Ma partiamo dal finale e poi torniamo indietro, come spesso e volentieri accade nei film (quelli con la trama migliore): l’arbitro fischia la fine del match di Ligue 1, Neymar va a prendersi il pallone che gli spetta per aver siglato almeno tre reti e rientra negli spogliatoi con la faccia imbronciata mentre il resto della squadra fa festa in campo per lo storico e rotondissimo risultato. 

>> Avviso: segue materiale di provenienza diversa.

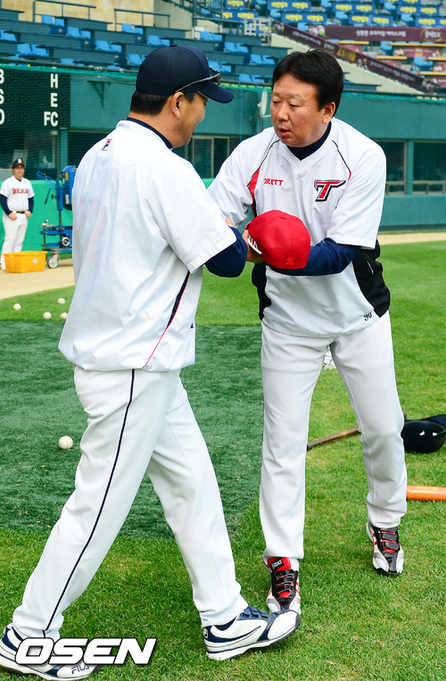 29일 오후 서울 잠실구장에서 두산 베어스와 KIA 타이거즈의 경기가 열릴 예정인 가운데 양 팀 훈련시간에 두산 김진욱 감독과 KIA 선동열 감독이 악수를 나누고 있다.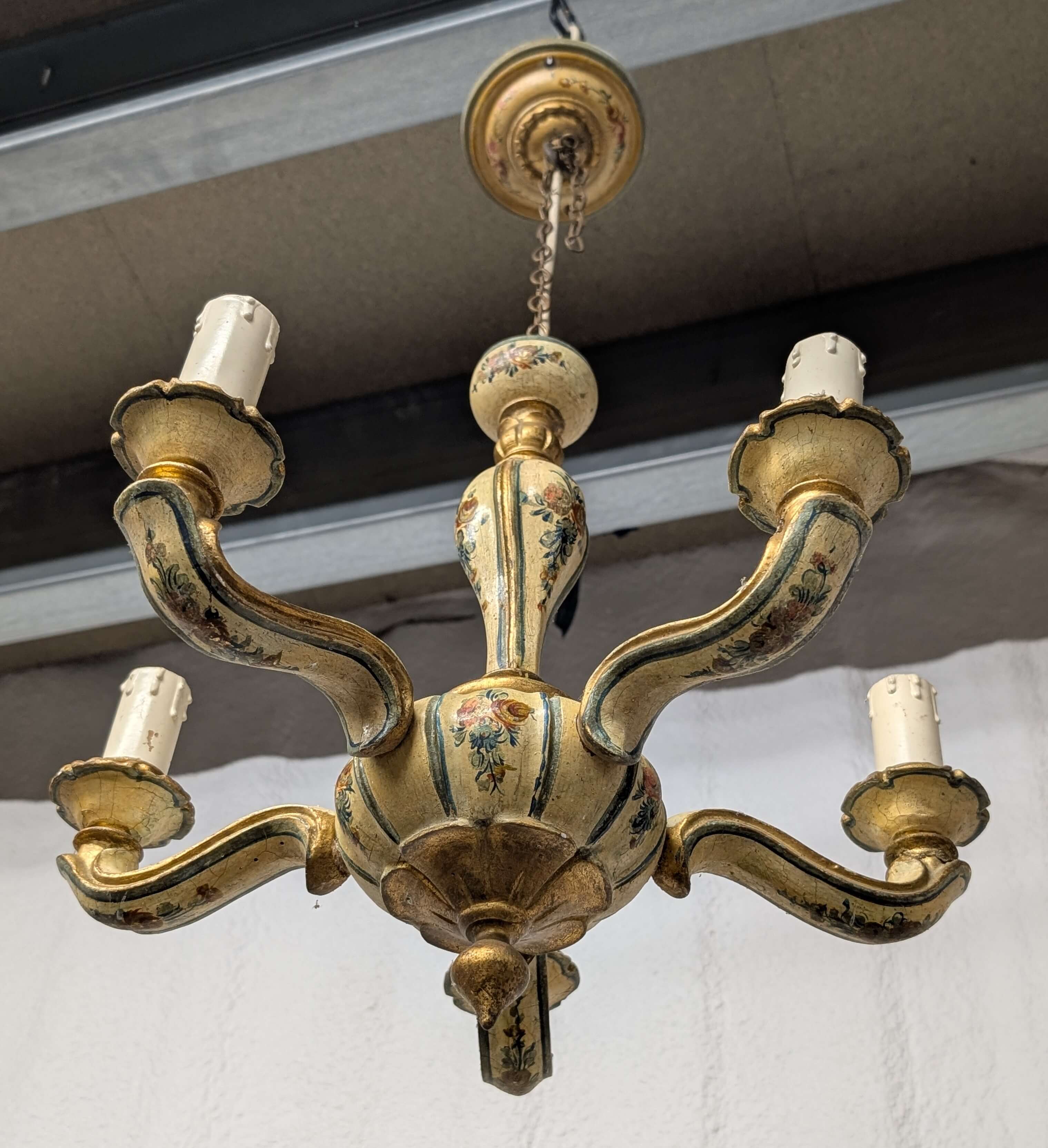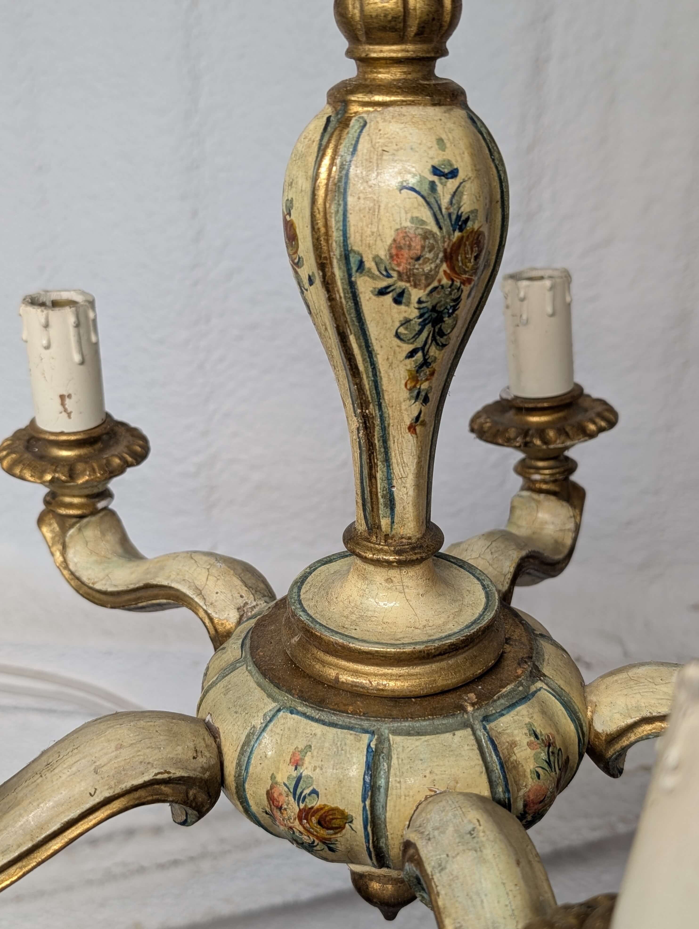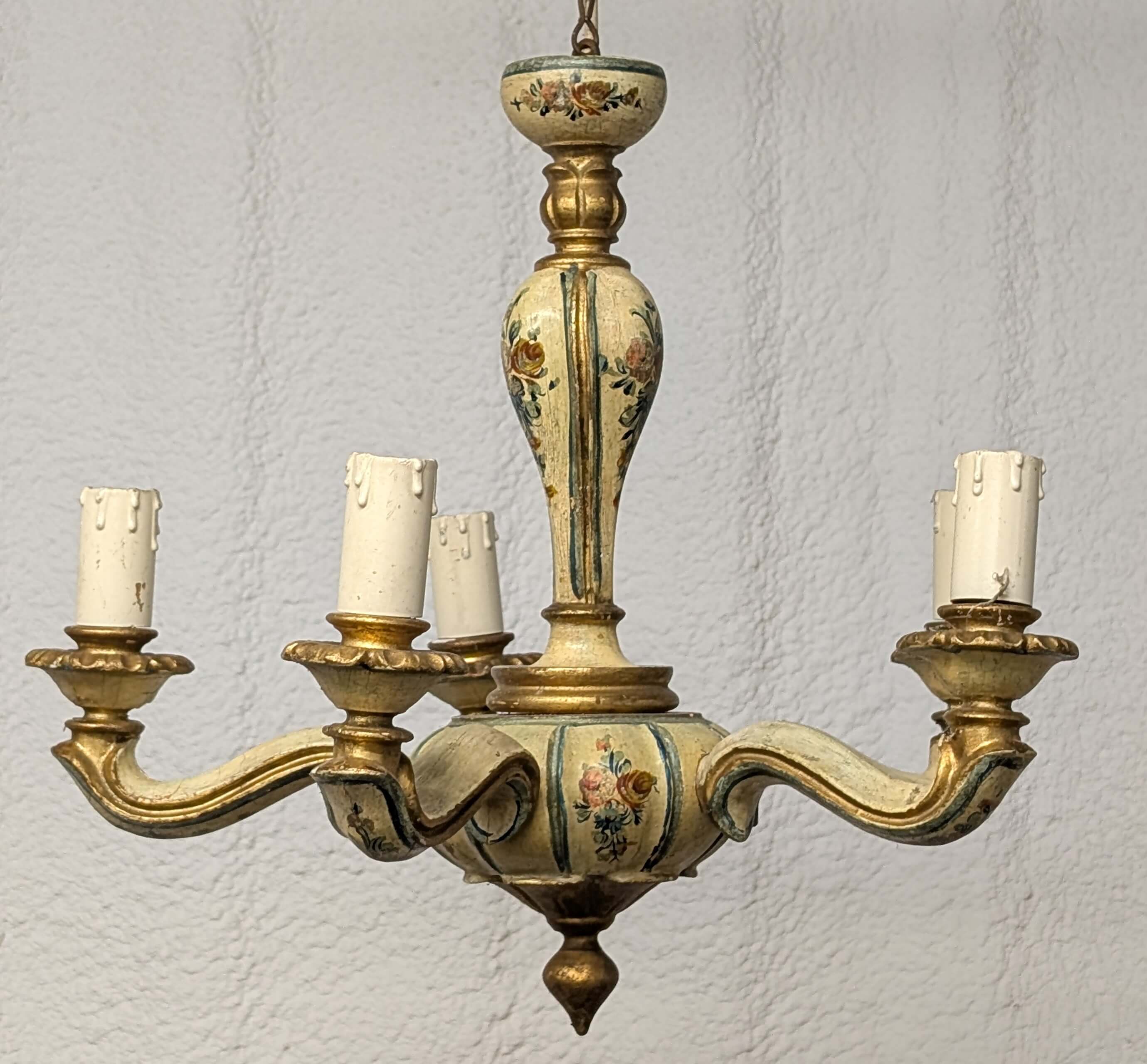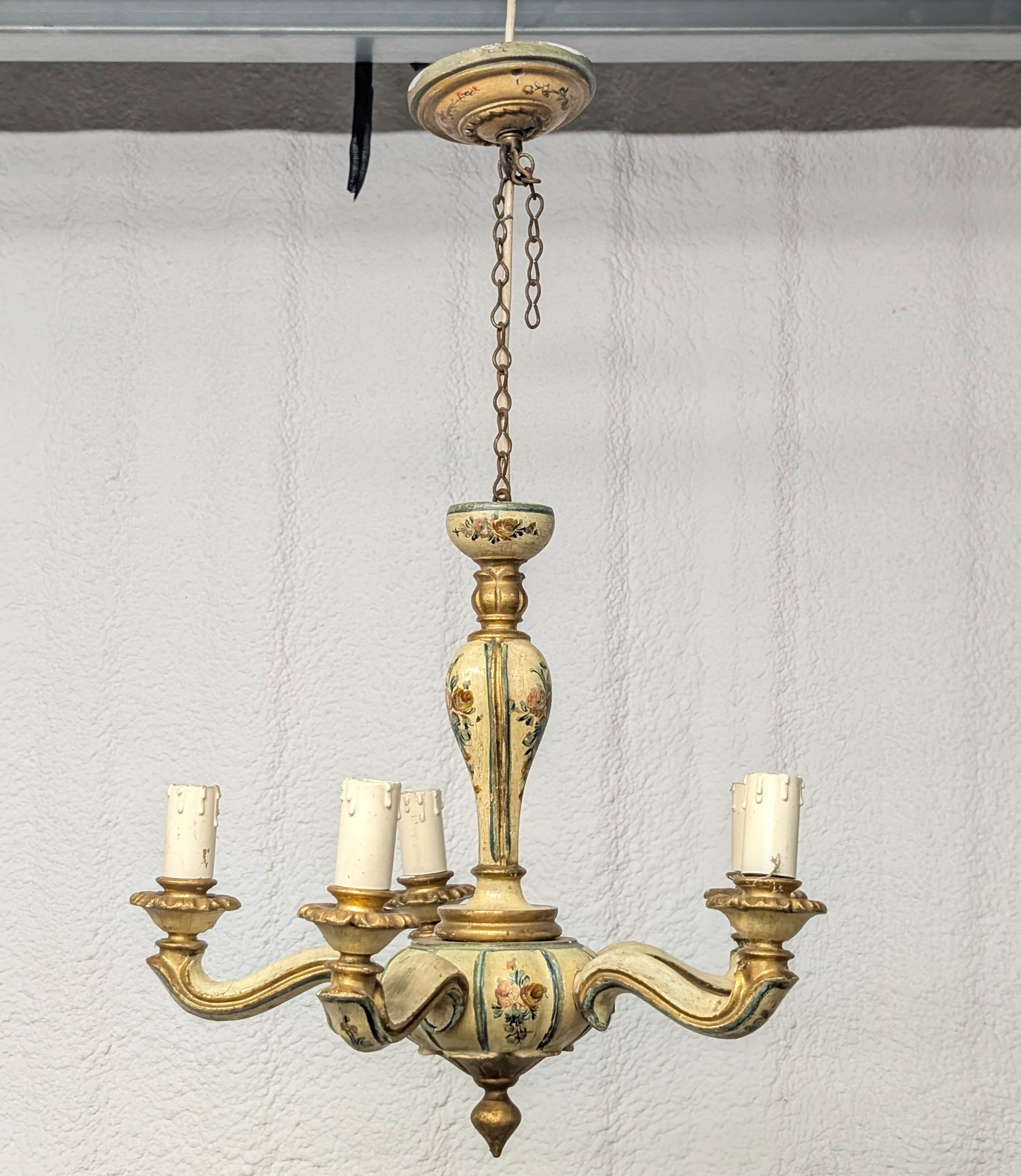 Charming Painted Carved Small Wooden Chandelier From Private Chapel

All’ex Barcellona no, non interessano gli applausi del pubblico, è arrabbiato e non fa nulla per nasconderlo. Le sue emozioni sono in bella vista. E allora torniamo alla ripresa della partita per spiegare il motivo. L’episodio incriminato al minuto 83, nel momento in cui viene assegnato il calcio di rigore al PSG.

Neymar
Neymar, 25 anni, ha realizzato un poker con il Dijon, poi è rientrato da solo negli spogliatoi in polemica con i tifosi

Neymar, gol e fischi: non lascia il rigore a Cavani per staccare Ibra

Il risultato è già sul 7-0, Cavani con un gol può staccare Ibrahimovic e diventare il giocatore della storia del club ad aver realizzato più gol: il tiro dal dischetto potrebbe portare l’uruguaiano - già autore di un colpo di testa vincente al 21’ - da solo in vetta alla classifica all-time a quota 157, un gradino sopra Ibrahimovic. E invece niente, i suoi timbri restano 156 (come quelli dello svedese), perché Neymar prende subito il pallone e lo posiziona sul punto di battuta. 

Edinson Cavani
Edinson Cavani, 30 anni, ha segnato contro il Dijon il 156° gol con il PSG: eguagliato il record di Ibrahimovic

I tifosi non sono d’accordo con la scelta egoistica del giocatore più pagato della storia e arriva qualche fischio durante la rincorsa. Neymar non ci ripensa e conclude: portiere spiazzato, gol, poker, 8-0 del PSG, i festeggiamenti della squadra, il rientro in solitaria negli spogliatoi. Con Neymar la polemica è sempre dietro l’angolo. In questo caso dietro il calcio di rigore.